James Weston Leonard (20 April 1853 – 3 September 1909) was an influential politician of South Africa and Attorney-General of the Cape Colony.

==Early life and education==
Leonard was born in Somerset East and received his schooling at Gill College. He studied law at the University of Cape Town, graduating with an LL.B. in 1876.

==Career==
In the same year that he obtained his degree, he became a member of the Cape Bar and practised at the Cape until 1888.

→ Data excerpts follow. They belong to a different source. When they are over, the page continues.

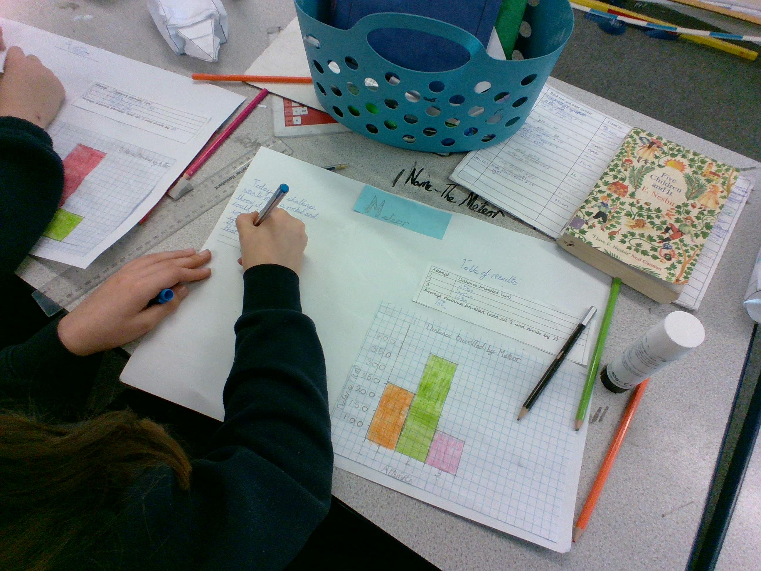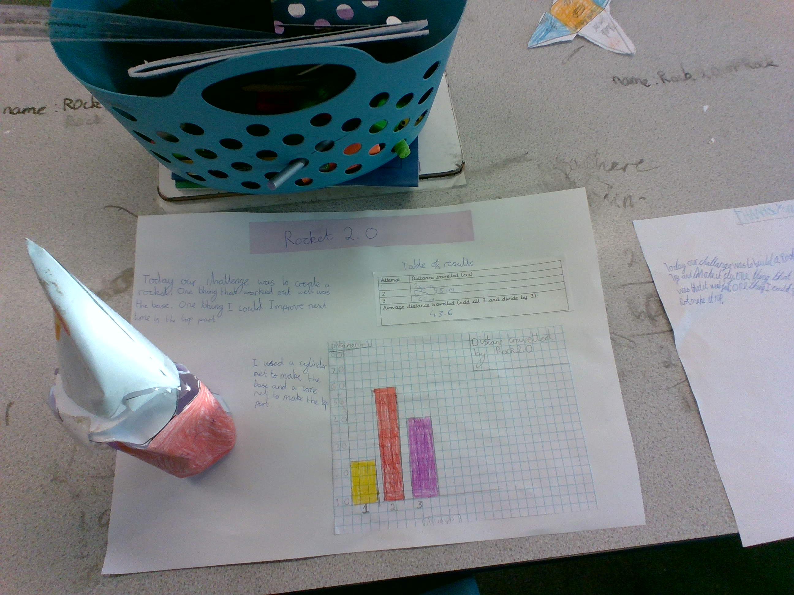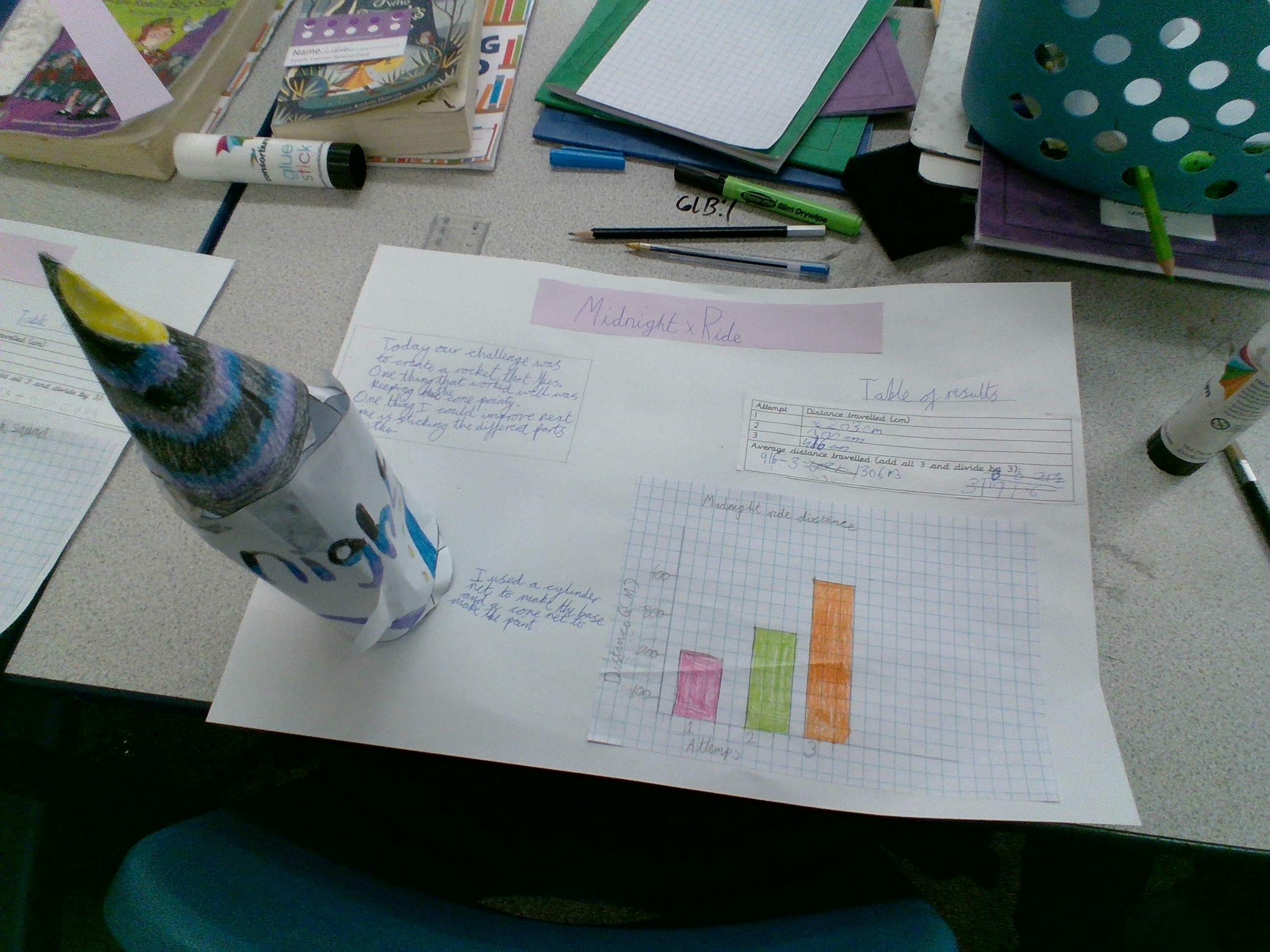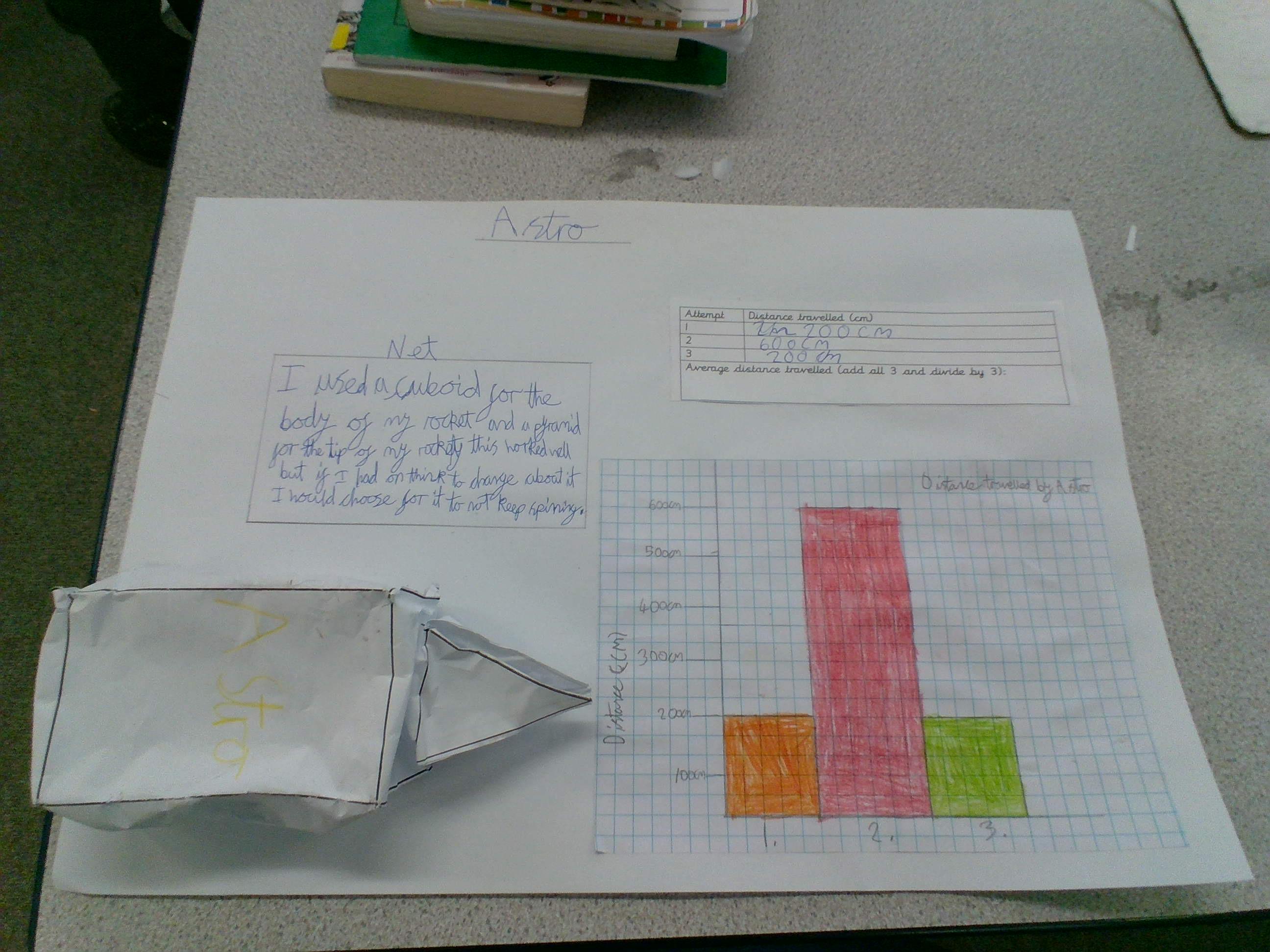 We then used the context of Space and our Solar system to explore rockets. We used maths to design our rockets using 3D shapes, create our rockets using nets, measure our launches, calculate the average of our distances and plot our results onto a graph.
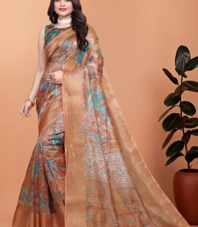 Orange & Copper Soft Silk Blend Saree with Zari Border and Printed Pallu
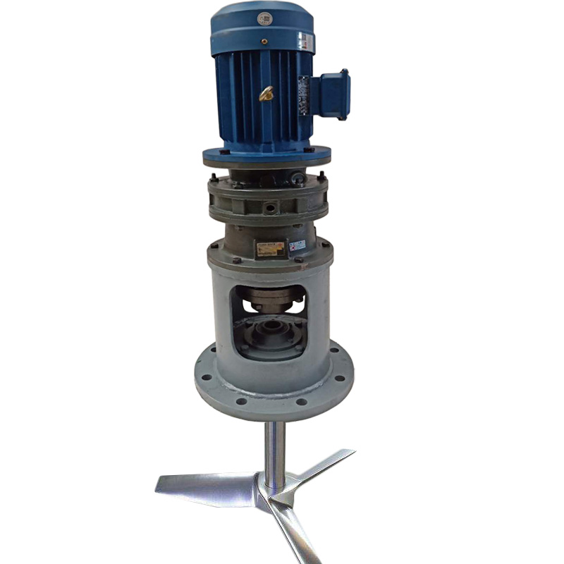 側(cè)入式攪拌機:側(cè)入式攪拌機是將攪拌裝置安裝在設(shè)備筒體的側(cè)壁上,攪拌機上的攪拌器通常采用軸流型,以推進式攪拌器為多,在消耗同等功率情況下,能得到高的攪拌效果,功率消耗僅為頂攪拌的1/3~2/3,成本僅為頂攪拌的1/4~1/3。轉(zhuǎn)速可在200~750r/min。廣泛用于脫硫、除硝以及各種大型貯罐或貯槽的攪拌。特別是在大型貯槽或貯罐中利用一臺或多臺側(cè)入式攪拌機一起工作,在消耗低能耗的情況下便可以得到良好的攪拌效果。
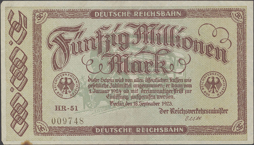 50 Millionen Mark; 18. September 1923; Grabowski RVM-6.a (002.11/S1016.a); Vs.: Text und Siegel auf Udr. mit Dampflokomotive; Rs.: leer; Wz.: verschlungene Quardate |
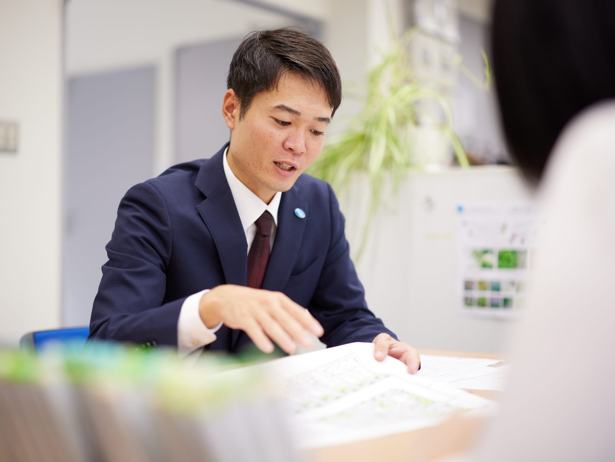 住宅事業課での業務は、案件に携わる全員が一丸となって取り組める環境が魅力です。設計担当として外構プランを作成する際も、施工の担当者とすぐに相談できる風通しの良さがあります。逆に、施工担当者やアフターメンテナンスの担当者からも気軽に意見や質問を投げかけてもらえるので、スムーズに業務が進みます。事業主の要望を形にするプロセスでは、敷地の条件や地域特有の要素を最大限に考慮し、まずは街全体のイメージを決めていきます。そこから、各住戸の植栽へと丁寧に落とし込んでいきます。この積み重ねが大きな達成感に繋がります。
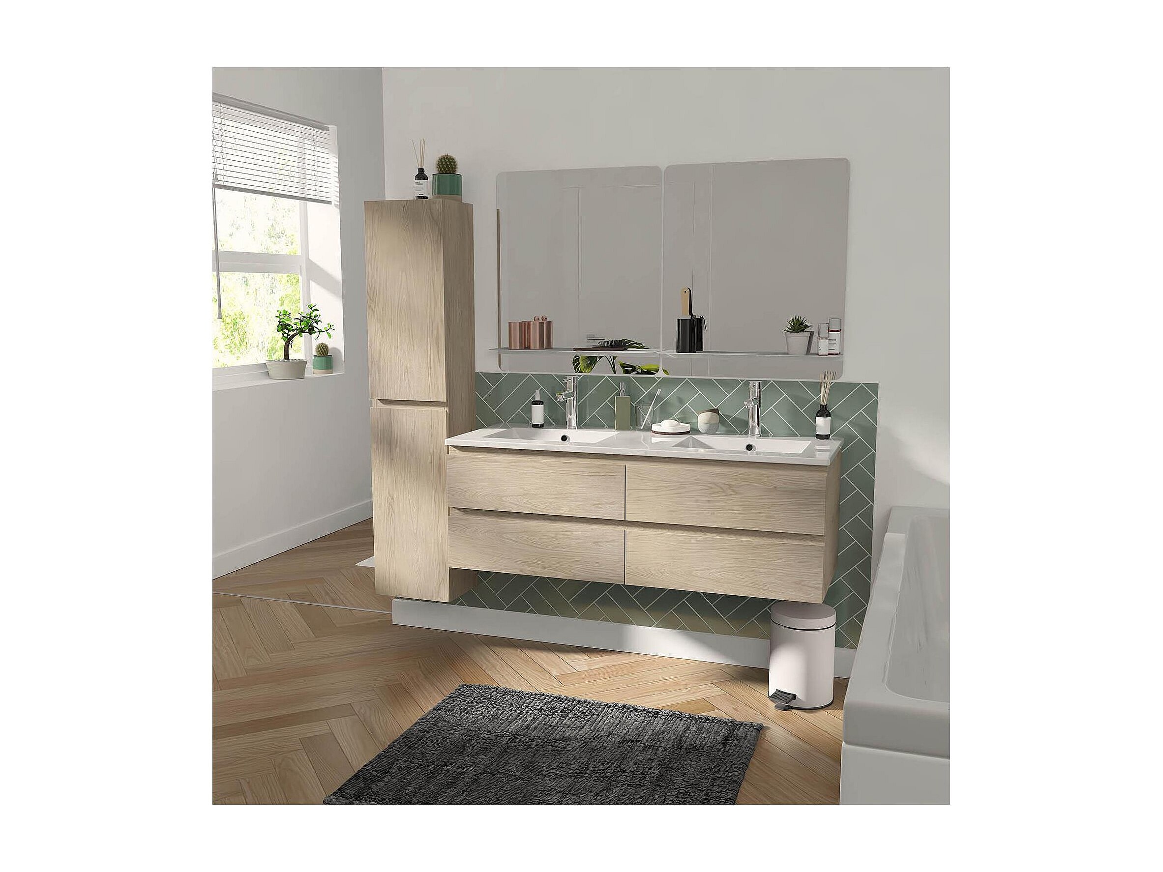 Ensemble meuble double vasque décor chêne 120cm + vasque + 2 miroirs + colonne
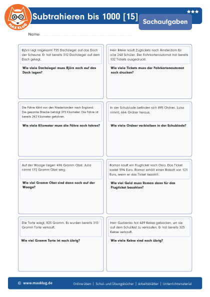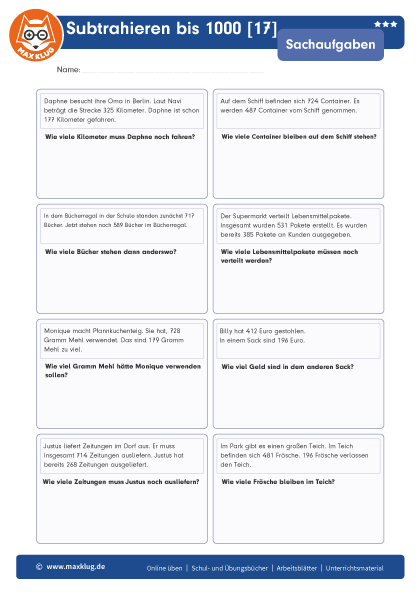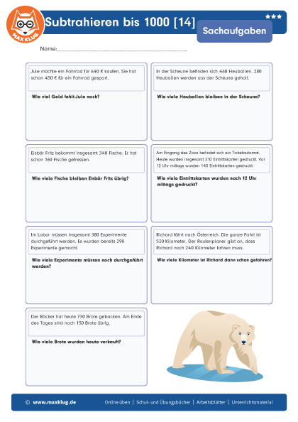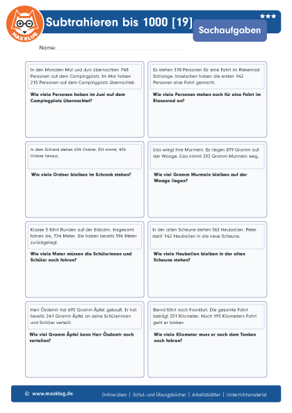Subtrahieren bis 1000

He served as Member of the Cape Legislative Assembly for Oudtshoorn (1880–88) and served as Attorney General in the governments of Cape Prime Ministers, Gordon Sprigg in 1881 and Thomas Scanlen from 1882 until 1884. In 1883, at the age of thirty, he received the status of QC.

After the discovery of gold he settled in Johannesburg and from 1888 he practised at the Johannesburg Bar and was implicated in the Jameson Raid of 1895–6. In 1899 he moved to London.